With 48 percent of online businesses experiencing a rise in ATO attempts in 2016, are you doing enough to prevent your users' accounts from being hacked?
ATO is on a steep rise. In 2016, 554 million records were compromised in the first half of the year. ATO losses reached $2.3 billion in 2016, a 61-percent increase from the year before.
ATO naturally spikes following data breaches, as fraudsters can reuse stolen login information to takeover other accounts of hacked users. And 59 percent of online users reuse login information, which makes them easy ATO targets after a data breach.
Unfortunately, ATO attacks are inevitable. Data breaches happen and credentials get exposed. Hopefully with the right tools and defences, you can protect your users and secure their confidence by keeping their accounts safe from hackers.
With the rapid rise and potential business implications of ATO, companies are actively trying to find ways to discover and prevent ATO before it costs them money and customer trust.
Sift Science has added a tool to its suite of machine learning tools to detect ATO and fight fraud. The tool uses machine learning and behavioural analysis to detect fraudulent logins.
This enables Sift Science to analyse users' behaviour and then compare that behaviour, as well as patterns of good and bad users, across its network.
The tool automatically detects and blocks illegitimate login attempts from bad actors -- without getting in the way of "good users."
Billions of users interact with online businesses every day browsing websites, making purchases, and posting content.
All digital signals from these interactions including information entered in sign-up forms can be analysed to indicate how risky users are for online businesses.
Sift Science captures these signals and detects patterns that indicate whether users are good, trustworthy customers, or fraudsters out to commit acts like identity theft, spam posts, or credit card fraud.

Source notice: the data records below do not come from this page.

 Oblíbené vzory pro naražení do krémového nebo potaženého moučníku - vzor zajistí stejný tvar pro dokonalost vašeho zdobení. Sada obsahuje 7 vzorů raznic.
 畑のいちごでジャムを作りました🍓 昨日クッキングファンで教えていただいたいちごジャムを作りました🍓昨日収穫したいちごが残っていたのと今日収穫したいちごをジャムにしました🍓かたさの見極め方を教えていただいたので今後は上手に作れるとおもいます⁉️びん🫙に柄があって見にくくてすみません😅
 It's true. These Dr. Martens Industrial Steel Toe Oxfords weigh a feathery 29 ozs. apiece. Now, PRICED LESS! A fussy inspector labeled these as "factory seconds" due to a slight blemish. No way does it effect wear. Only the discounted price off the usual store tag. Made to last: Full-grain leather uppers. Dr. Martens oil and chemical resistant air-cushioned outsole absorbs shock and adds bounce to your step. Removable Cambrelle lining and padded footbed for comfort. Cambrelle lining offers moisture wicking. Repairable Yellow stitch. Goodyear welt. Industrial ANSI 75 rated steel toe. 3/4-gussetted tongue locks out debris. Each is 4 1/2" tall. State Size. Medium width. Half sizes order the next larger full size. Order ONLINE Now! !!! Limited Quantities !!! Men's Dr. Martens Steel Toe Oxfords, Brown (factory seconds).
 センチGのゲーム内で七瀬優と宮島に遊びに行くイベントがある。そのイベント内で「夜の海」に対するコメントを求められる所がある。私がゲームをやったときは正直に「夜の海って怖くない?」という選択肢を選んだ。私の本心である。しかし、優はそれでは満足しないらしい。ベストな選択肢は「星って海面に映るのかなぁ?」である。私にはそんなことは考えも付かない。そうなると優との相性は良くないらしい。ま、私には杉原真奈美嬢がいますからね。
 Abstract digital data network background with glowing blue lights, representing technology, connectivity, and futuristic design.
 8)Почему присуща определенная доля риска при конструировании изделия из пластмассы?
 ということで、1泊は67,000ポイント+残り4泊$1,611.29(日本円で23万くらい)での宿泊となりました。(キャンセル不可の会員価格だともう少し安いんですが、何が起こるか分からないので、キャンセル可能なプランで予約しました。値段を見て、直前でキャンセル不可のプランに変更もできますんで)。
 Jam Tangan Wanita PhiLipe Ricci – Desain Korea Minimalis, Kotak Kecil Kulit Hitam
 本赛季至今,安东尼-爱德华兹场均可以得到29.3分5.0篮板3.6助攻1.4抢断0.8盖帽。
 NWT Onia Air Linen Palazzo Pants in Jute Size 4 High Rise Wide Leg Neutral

The tool then assigns scores for people interacting with a customer's site, which indicate how likely the user is to be good or bad.

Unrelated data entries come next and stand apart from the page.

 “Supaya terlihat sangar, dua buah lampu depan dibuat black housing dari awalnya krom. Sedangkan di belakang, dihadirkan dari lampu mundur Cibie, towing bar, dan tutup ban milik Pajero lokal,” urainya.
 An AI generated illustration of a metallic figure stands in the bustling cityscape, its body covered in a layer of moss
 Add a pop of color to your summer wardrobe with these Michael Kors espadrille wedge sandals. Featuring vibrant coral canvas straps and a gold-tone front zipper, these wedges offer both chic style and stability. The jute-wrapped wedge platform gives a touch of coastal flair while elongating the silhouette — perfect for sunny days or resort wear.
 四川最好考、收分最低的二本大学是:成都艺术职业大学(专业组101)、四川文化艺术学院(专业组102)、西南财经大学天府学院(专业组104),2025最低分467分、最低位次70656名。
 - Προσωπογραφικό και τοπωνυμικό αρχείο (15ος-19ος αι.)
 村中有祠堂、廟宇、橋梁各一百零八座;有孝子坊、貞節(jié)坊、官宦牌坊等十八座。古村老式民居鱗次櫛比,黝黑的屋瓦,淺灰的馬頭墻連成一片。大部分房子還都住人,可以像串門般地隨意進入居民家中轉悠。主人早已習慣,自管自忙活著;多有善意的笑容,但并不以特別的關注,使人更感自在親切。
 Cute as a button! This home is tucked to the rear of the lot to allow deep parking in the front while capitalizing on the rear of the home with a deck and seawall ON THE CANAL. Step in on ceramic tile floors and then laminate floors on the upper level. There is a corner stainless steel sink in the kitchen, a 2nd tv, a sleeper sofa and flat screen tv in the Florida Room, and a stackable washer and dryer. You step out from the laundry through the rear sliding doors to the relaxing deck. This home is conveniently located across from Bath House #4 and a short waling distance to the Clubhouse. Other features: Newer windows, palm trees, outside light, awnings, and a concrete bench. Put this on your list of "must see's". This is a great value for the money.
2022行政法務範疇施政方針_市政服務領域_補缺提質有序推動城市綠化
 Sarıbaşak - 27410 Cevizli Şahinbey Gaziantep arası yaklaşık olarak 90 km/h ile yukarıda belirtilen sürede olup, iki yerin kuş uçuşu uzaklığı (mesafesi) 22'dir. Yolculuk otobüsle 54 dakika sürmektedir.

Each time someone logs in, the tool returns an ATO risk score. You can identify risky users and alter the login experience in real time.
Customers have the option to automate reaction to "risky" behaviours. The tool can automatically reject their activity or send them to a review queue.

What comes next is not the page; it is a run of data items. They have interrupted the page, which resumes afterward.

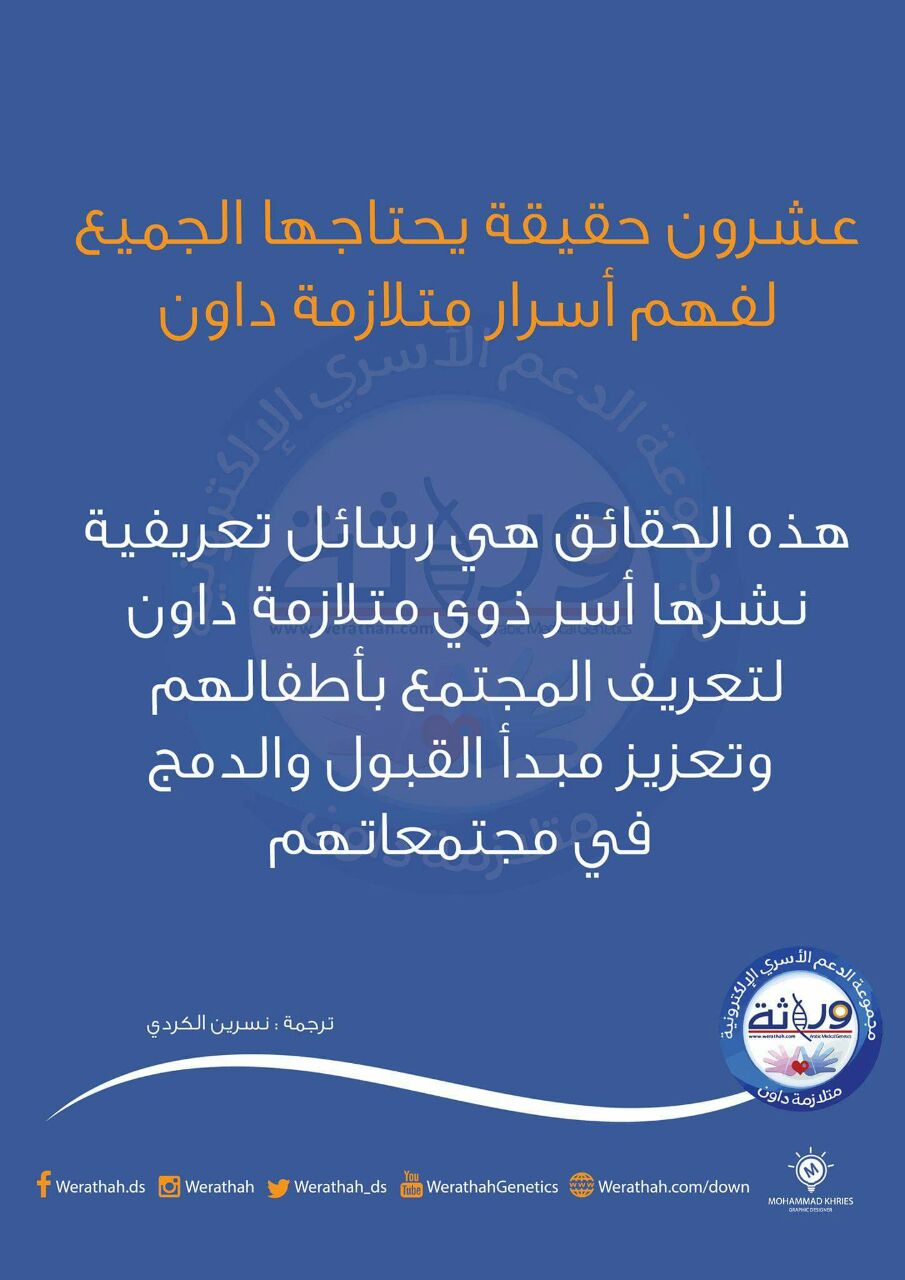 هذه الحقائق هي رسائل تعريفية نشرتها أسر ذوي متلازمة داون لتعريف المجتمع بأطفالهم وتعزيز مبدأ القبول والدمج في مجتمعاتهم.
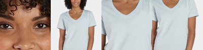 4.5 oz., 60% combed ringspun cotton/ 40% polyester fine jersey; 4.5 oz., 100% combed ringspun cotton jersey; Easytear™ label; contrasting topstitched self-fabric sleeve stripes; double-needle hemmed sleeves and rounded bottom; sideseam construction; fit: ladies' modern - semi-fitted ; taped neck; v-notch with raw serge finished edge;
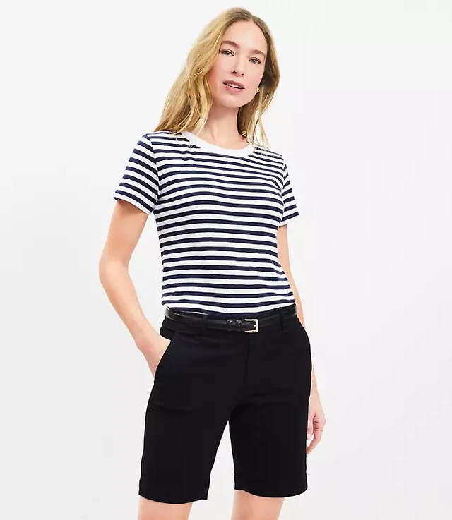 Pleated Trouser Shorts in Pinstripe Linen Blend
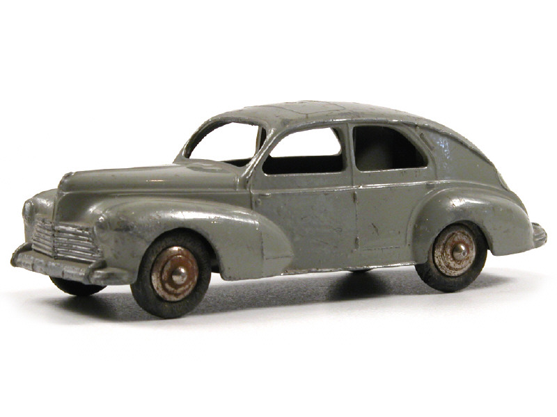 DINKY TOYS (FRANCE) 24R PEUGEOT 203 Petite lunette arrière (version avec intérieur de toit quadrillé & ailes lisses) gris moyen, jantes chromées
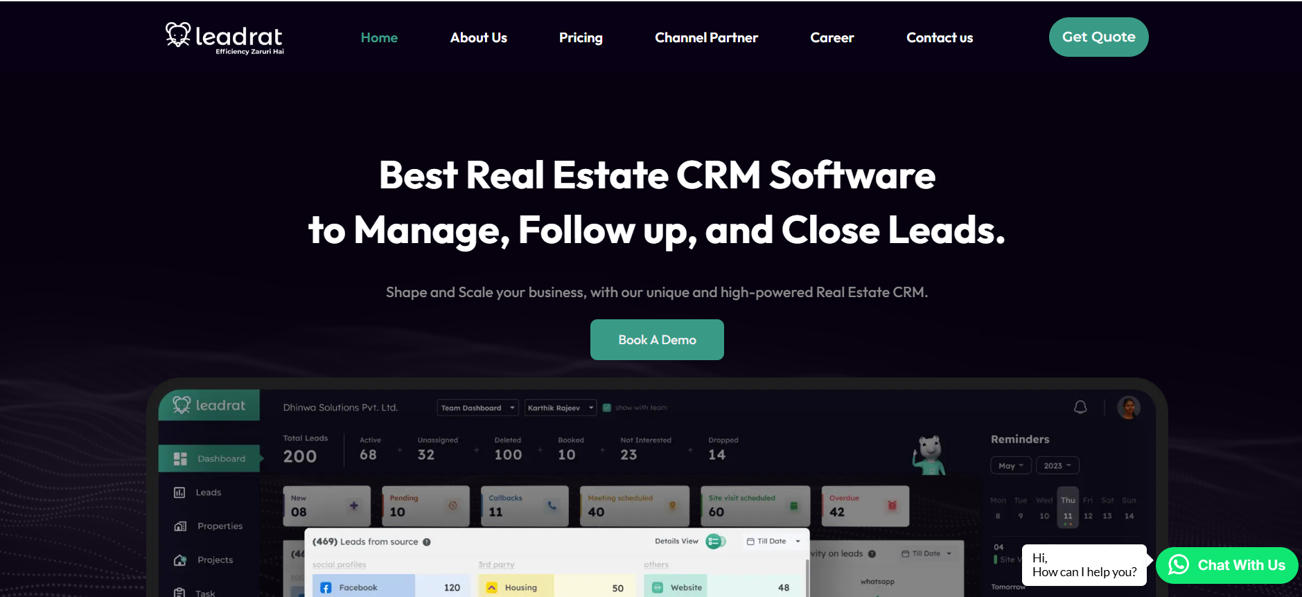 Leadrat CRM offers a mobile-friendly and easy-to-use interface tailored specifically for the real estate industry, enabling agents, brokers, and developers to capture and track leads from multiple channels in one dashboard. It provides tools for lead routing, property listing management, team task coordination, automated follow-ups, and real-time reporting. Its integrations with ads and listing platforms ensure leads aren’t missed, while performance analytics help optimize sales efforts. The CRM also supports goal setting, attendance tracking, and data-driven insights for better decision-making.

The technology looks at a range of potential ATO signals, such as user browsing patterns, network and IP data, location history, and device information. Problems can be resolved before they affect the good users.
It flags risky or abusive user behaviour (fraudulent transactions, spammy content posting, promotional abuse, etc.) for companies.
The console enables users to review the signals that makes a particular user risky -- like location, IP address, device, etc., and resolve the issues.
You can also build in an extra authentication step, such as a code sent via SMS for certain users.
Two-factor authentication is a great step to increasing security, but there is no replacement for educating your users so that they can minimise any ATO attacks.
The unbreakable solution is still a very long way off.